> ASSIGNED TASK: Only the lines from the one containing "Ein Oranizer in" to the end of the records belong in the copy. Reproduce them word for word and drop the pictures.

> MATERIAL SUPPLIED:
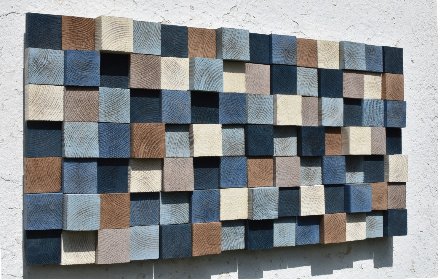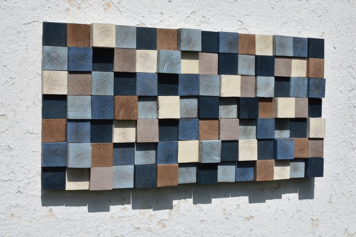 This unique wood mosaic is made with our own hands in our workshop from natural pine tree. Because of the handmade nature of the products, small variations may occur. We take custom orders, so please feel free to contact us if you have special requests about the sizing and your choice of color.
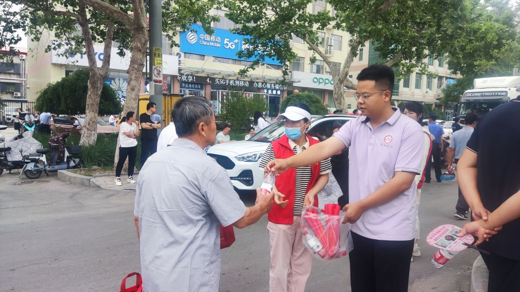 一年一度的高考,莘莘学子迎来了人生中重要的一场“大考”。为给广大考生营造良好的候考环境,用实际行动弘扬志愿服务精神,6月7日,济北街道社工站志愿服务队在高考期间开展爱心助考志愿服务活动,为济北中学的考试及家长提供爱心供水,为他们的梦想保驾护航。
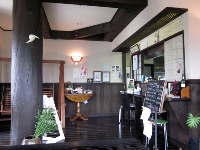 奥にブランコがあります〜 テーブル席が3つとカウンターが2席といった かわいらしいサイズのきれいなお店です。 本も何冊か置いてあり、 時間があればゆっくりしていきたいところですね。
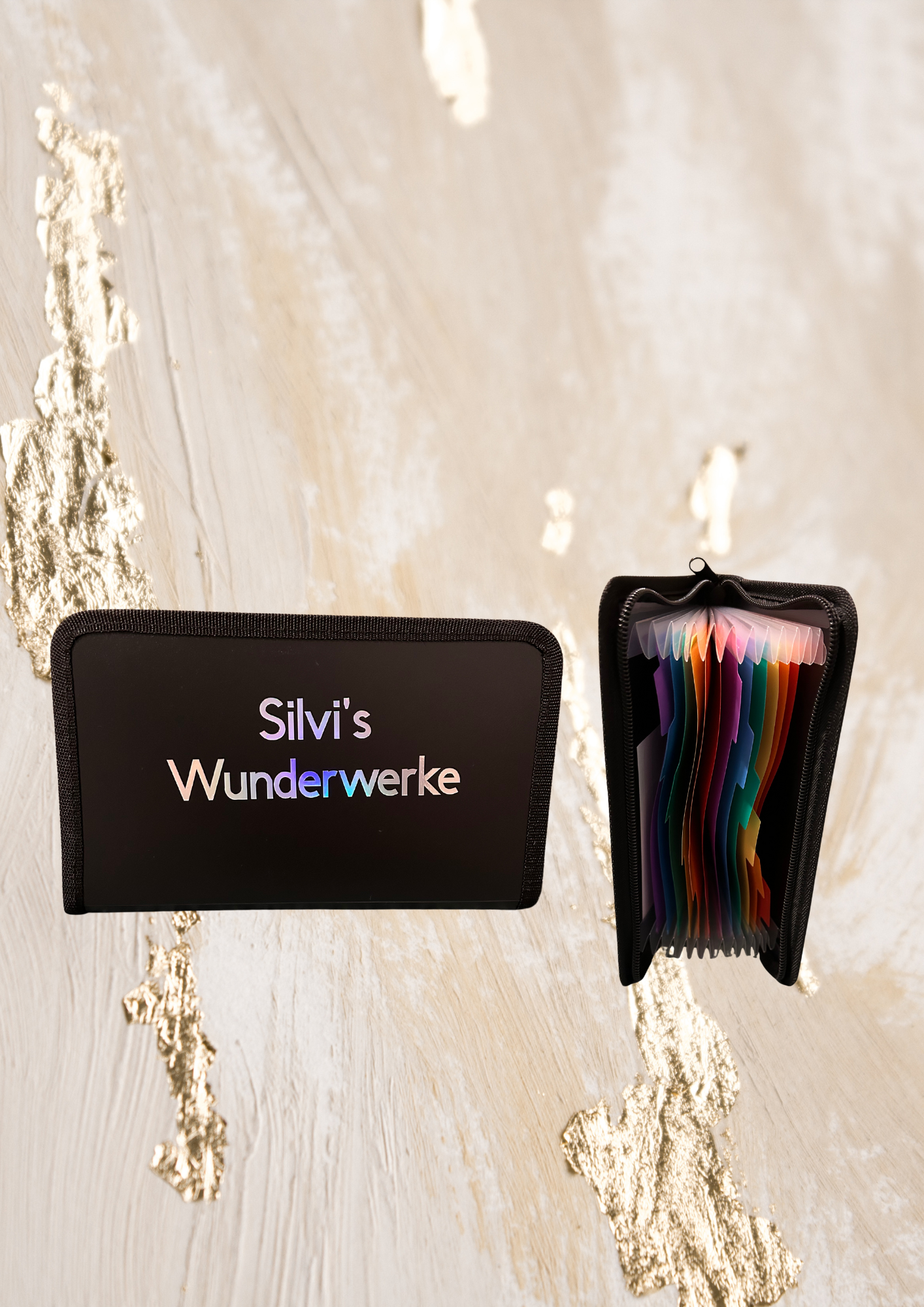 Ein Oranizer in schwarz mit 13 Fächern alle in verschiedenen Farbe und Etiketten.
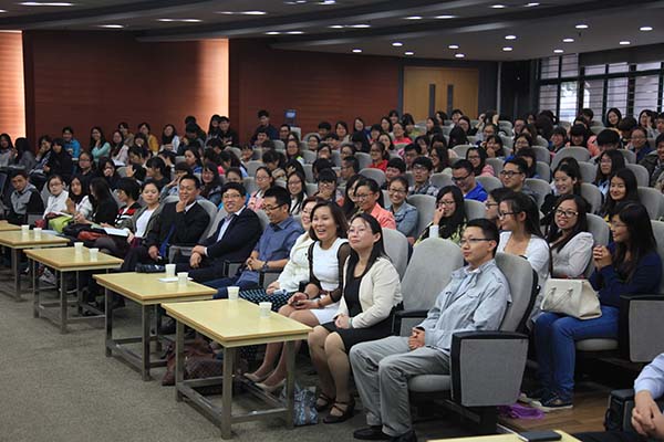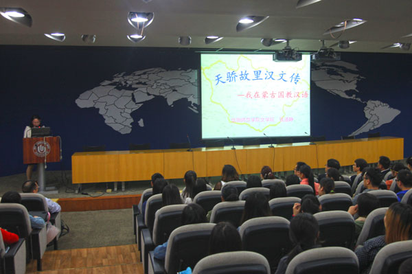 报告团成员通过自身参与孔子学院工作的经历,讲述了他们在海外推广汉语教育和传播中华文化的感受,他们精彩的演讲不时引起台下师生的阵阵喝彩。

> RESPONSE TO THE EXERCISE:
 Ein Oranizer in schwarz mit 13 Fächern alle in verschiedenen Farbe und Etiketten.
 报告团成员通过自身参与孔子学院工作的经历,讲述了他们在海外推广汉语教育和传播中华文化的感受,他们精彩的演讲不时引起台下师生的阵阵喝彩。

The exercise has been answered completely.